(Activity):
Would you transcribe the entries below, beginning at the line with "當然,iPhone6/6 P" and ending after the line with "如图,△ABC中,点D,E分", exactly, with no picture and nothing more?

(Entries supplied):
━━━━━━━━━━
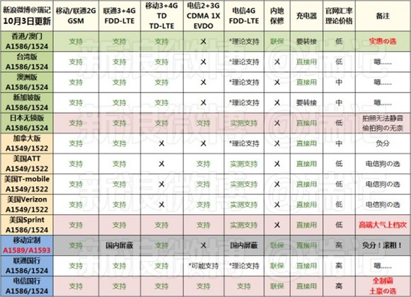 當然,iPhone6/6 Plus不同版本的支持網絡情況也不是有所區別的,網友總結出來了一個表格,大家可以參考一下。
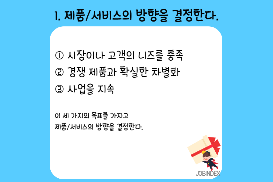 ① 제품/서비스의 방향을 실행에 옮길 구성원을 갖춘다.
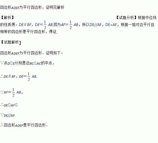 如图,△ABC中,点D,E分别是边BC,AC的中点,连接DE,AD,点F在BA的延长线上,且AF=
━━━━━━━━━━
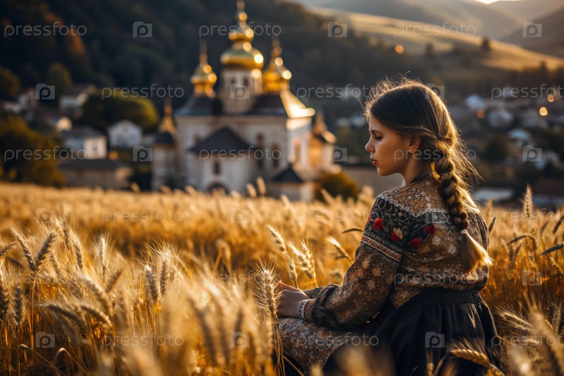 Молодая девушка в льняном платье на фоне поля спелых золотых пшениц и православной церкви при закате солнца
━━━━━━━━━━
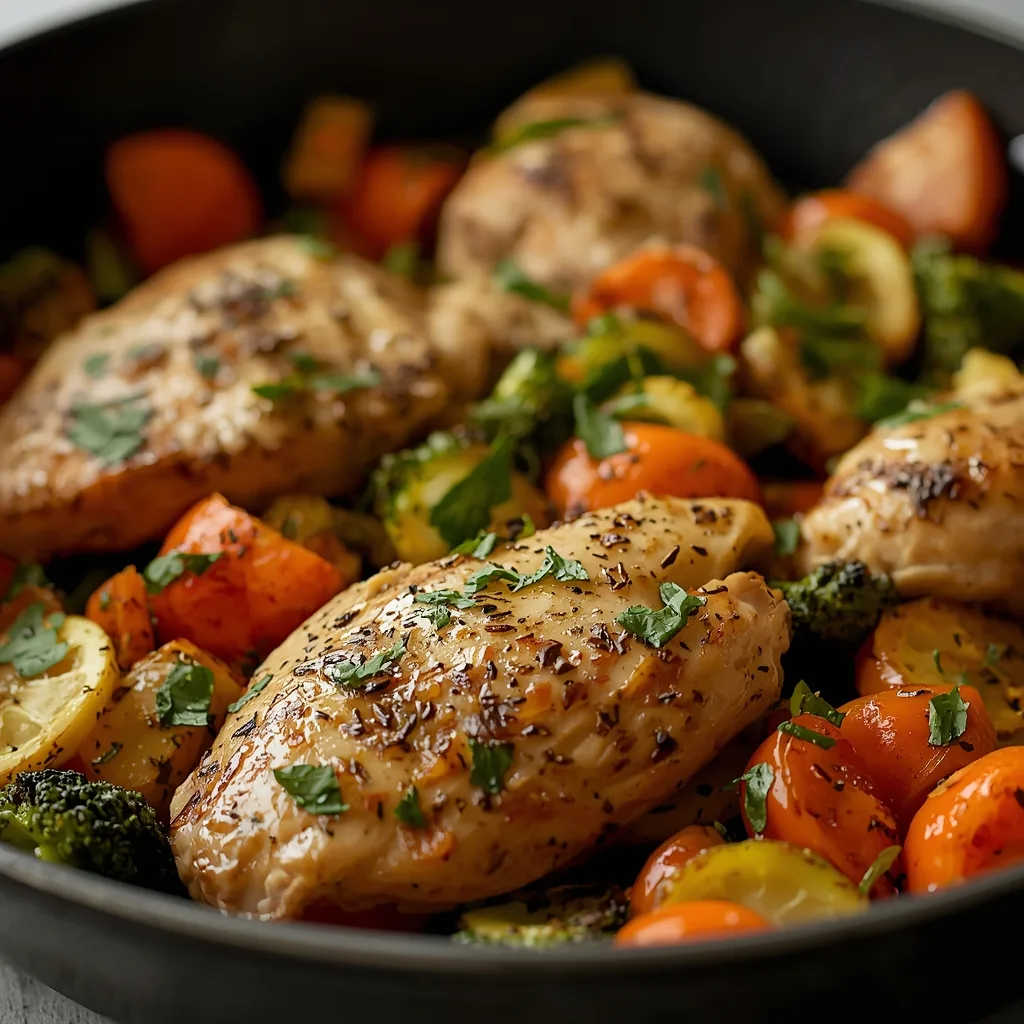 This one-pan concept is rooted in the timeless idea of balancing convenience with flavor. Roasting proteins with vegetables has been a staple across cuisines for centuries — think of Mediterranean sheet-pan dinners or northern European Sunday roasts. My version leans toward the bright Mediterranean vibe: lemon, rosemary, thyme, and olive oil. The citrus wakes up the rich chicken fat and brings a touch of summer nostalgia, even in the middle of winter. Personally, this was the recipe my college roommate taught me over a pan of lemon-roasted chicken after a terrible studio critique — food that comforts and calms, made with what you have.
━━━━━━━━━━
(Solution):
 當然,iPhone6/6 Plus不同版本的支持網絡情況也不是有所區別的,網友總結出來了一個表格,大家可以參考一下。
 ① 제품/서비스의 방향을 실행에 옮길 구성원을 갖춘다.
 如图,△ABC中,点D,E分别是边BC,AC的中点,连接DE,AD,点F在BA的延长线上,且AF=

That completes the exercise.